Among the entries below, the lines from the one with "WIDE APPLICATION: EilxMag" up to and including the one with "Lyrics of Are" are to be restated exactly, without pictures.

****************************************

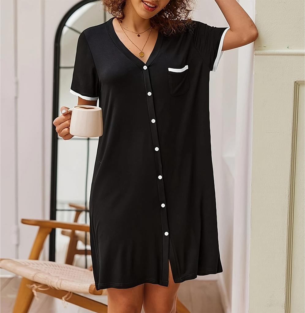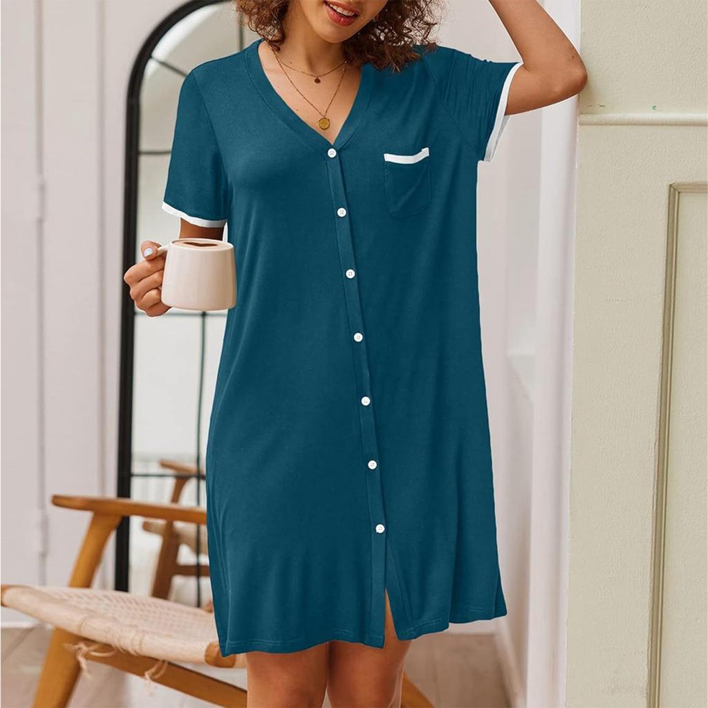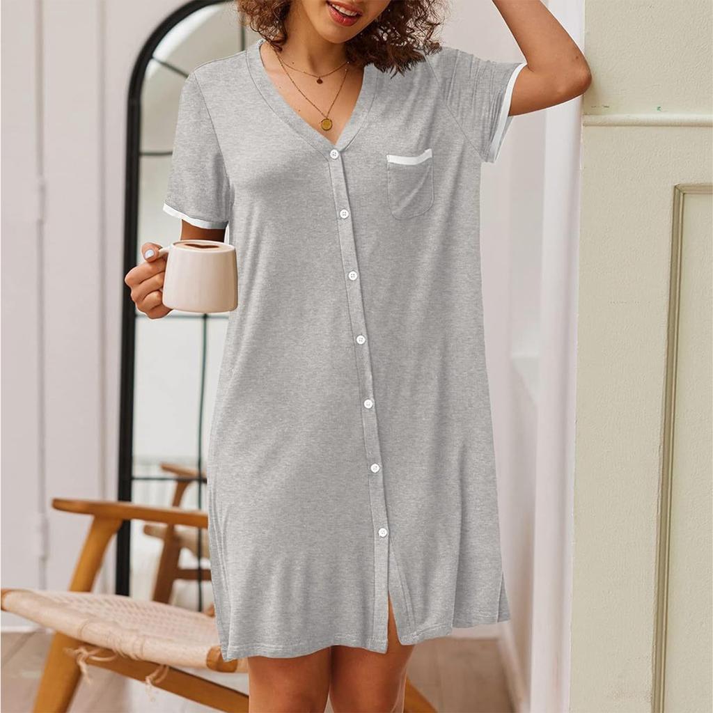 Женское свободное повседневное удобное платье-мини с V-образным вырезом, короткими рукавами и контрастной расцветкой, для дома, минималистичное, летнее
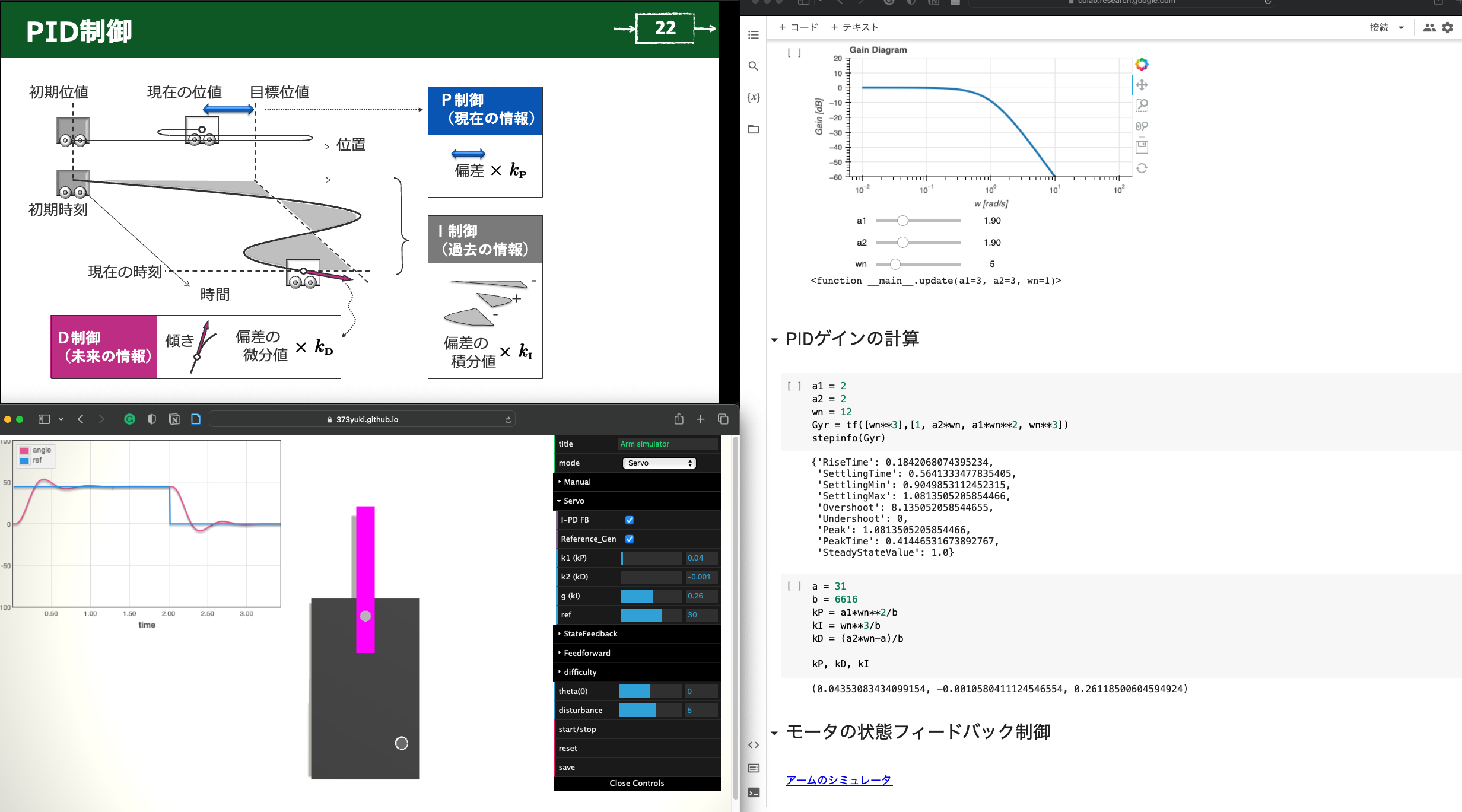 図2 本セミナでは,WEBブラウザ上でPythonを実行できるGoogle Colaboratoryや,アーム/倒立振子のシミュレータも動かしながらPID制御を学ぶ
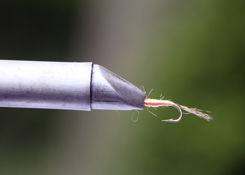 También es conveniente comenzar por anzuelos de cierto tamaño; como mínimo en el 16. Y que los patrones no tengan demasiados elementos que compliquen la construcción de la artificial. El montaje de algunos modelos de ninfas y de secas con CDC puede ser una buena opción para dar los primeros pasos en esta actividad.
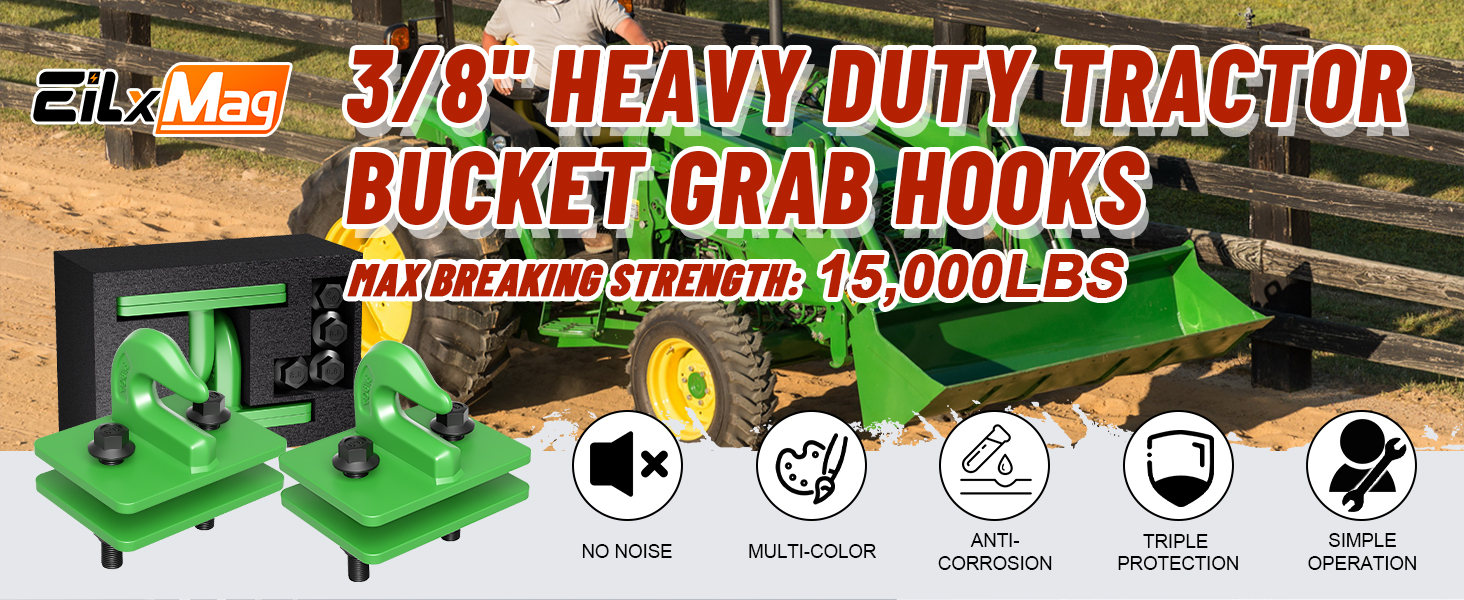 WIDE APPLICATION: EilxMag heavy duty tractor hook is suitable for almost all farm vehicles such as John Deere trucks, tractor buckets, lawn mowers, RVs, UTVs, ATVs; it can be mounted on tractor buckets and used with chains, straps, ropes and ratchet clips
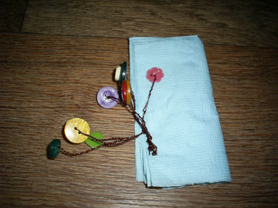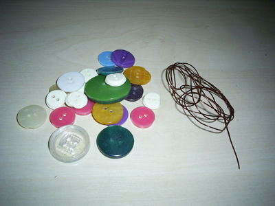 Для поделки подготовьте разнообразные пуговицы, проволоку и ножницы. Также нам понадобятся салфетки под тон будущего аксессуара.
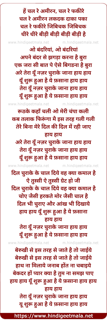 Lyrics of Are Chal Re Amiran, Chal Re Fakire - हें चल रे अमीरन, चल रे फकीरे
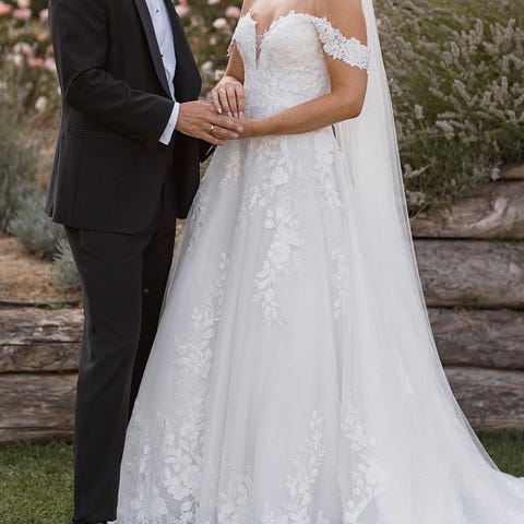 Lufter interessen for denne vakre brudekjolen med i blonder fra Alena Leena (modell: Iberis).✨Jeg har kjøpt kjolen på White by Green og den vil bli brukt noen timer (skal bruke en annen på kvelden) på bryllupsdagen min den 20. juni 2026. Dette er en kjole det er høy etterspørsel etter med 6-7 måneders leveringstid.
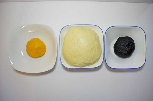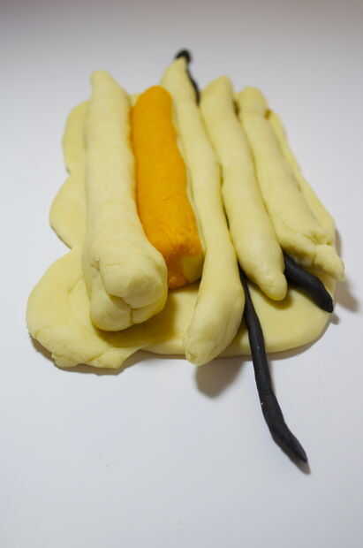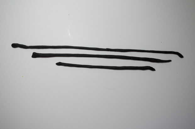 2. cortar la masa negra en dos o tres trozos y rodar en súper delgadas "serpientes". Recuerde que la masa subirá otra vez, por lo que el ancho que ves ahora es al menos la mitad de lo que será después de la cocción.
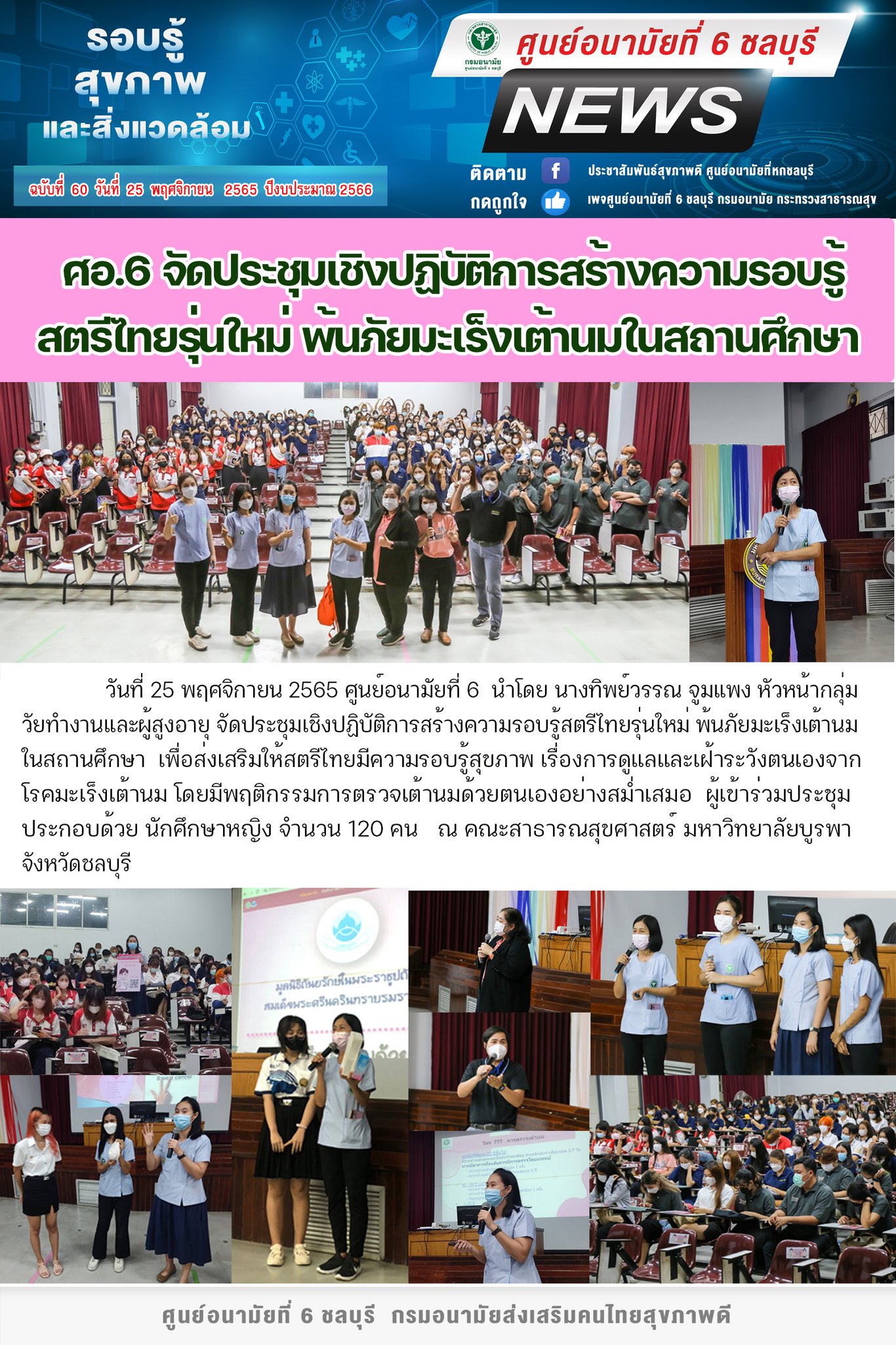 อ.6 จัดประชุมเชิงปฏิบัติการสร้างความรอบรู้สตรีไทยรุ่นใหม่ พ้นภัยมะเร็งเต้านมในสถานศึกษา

****************************************

### Result of the task
 WIDE APPLICATION: EilxMag heavy duty tractor hook is suitable for almost all farm vehicles such as John Deere trucks, tractor buckets, lawn mowers, RVs, UTVs, ATVs; it can be mounted on tractor buckets and used with chains, straps, ropes and ratchet clips
 Для поделки подготовьте разнообразные пуговицы, проволоку и ножницы. Также нам понадобятся салфетки под тон будущего аксессуара.
 Lyrics of Are Chal Re Amiran, Chal Re Fakire - हें चल रे अमीरन, चल रे फकीरे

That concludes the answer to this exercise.